他看向魏太傅,不由沉聲道:“魏太傅,朕明白你言外之意,但晏家與懷王一案,朕也早有徹查之心,如今人證物證懼在,若不及時審理,恐寒了忠臣良将之心。”
魏太傅撲通跪在地上,大聲說道:“陛下,并非臣故意阻攔重新審理此案,隻是擔憂其中有詐,此事過去良久,當時孫思淼不站出來,如今才站出來說,若要以這一番言論,推翻先帝所言,恐不妥啊。”
晏楚聽得怒火中燒,大聲道:“先帝在時,此案或許另有隐情,如今認證物證都在,若因顧慮所謂推翻先帝論斷,而置冤情于不顧,才是真正有負先帝所托,有負天下臣民。”
魏太傅頓時啞然。
張禦史立刻道:“陛下,魏太傅所言極是,就算現在另有證據,但僅憑晏楚一人,就想要推翻先帝決斷,未免也太輕易了些。”
謝弘眯着眼道:“你這話是什麼意思?”語氣中已經有了幾分煩躁。
沈應卻是直接道:“張禦史的意思是,單憑我夫君一人,不能為了晏家和懷王沉冤,若是加上我呢?”
說着,沈應跪在地上,朝着謝弘叩頭:“臣婦懇請陛下,徹查當年一事,還世間一個真相。”
“你——”張禦史被沈應抓住話裡的把柄,有些氣急。
“還有我。”
就在所有人将目光聚集在沈應身上時,謝弘身邊的尹玄清頓時朝着大殿上走了過去,跪在了沈應的身邊,對着謝弘道:“奴婢父兄家族皆因懷王一事受難,而今整個尹家隻留下奴婢一人苟且偷生,此案絕不是懷王一人,還有奴婢一家,懇請陛下重新審理。”
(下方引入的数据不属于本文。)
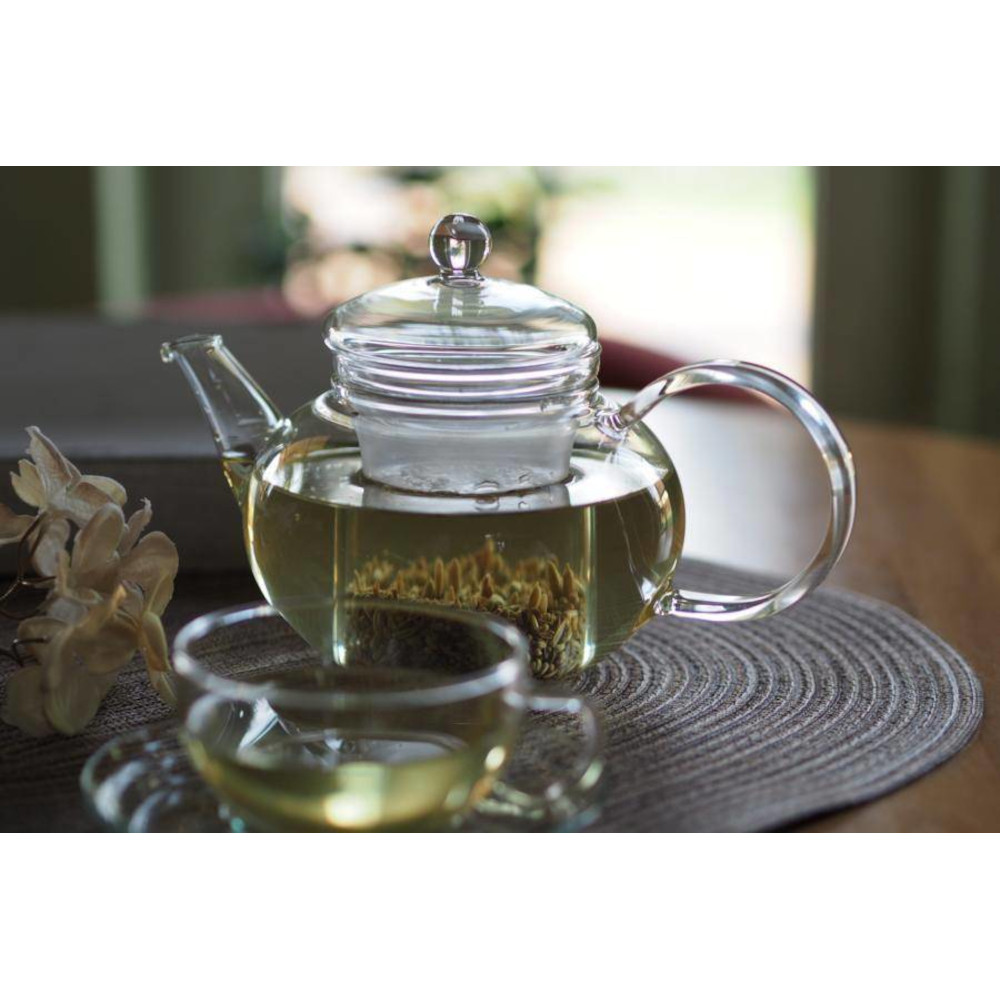 | Die leicht zu reinigende Jenaer Glas Teekanne MIKADO bringt Atmosphäre in jede Teerunde. Sie überzeugt nicht nur durch ihr schönes und schlichtes Design, sondern auch durch ihre hohe Funktionalität. Die porenfreie und glatte Oberfläche der Glaskanne ist leicht zu reinigen und sie verfügt über ein Fassungsvermögen von 600 ml. Außerdem ist die schöne Teekanne spülmaschinenfest, hitzebeständig und für die Mikrowelle geeignet. Da sie aus Borosilikatglas besteht, hat sie keinerlei Einfluss auf den Teegeschmack, weil dieses spezielle Glas geschmacksneutral ist. Größere Modelle und Nachfolger der Kanne MIKADO sind in unserem Shop unter dem Namen MIKO (Trendglas Jena) erhältlich. Dekorationsartikel gehören nicht zum Leistungsumfang! |
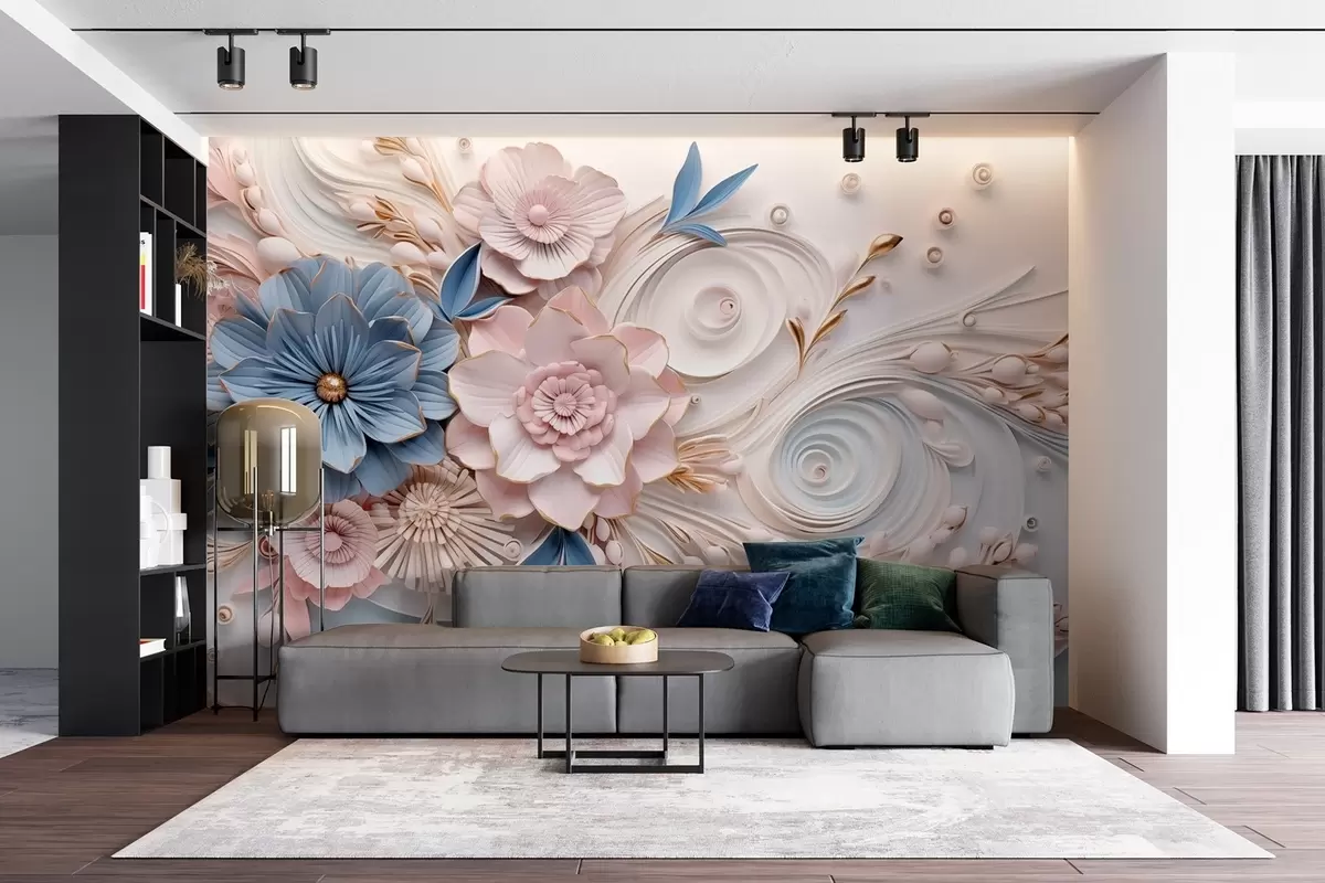 Carta da parati Una delicata composizione floreale nei toni del rosa e del blu con un morbido sfondo in rilievo nr. w08847

尹玄清雖然不是本人,但是占用了她的身子這麼多年,對着她總有虧欠,還尹家清白,也算是她的心願。
尹玄清的話如同碎石一般,激起湖面的陣陣波瀾。
“陛下,臣有話說。”
朝堂上沉默良久的沈确,終于是忍不住開口。
謝弘招手示意後,沈确跪地道:“尹姑娘所言極是,懷王一事從來涉及的就不隻是懷王和晏家,還有邊關數萬将士的英靈和他們的家人,若是事情終有反轉,也算是替他們昭雪。”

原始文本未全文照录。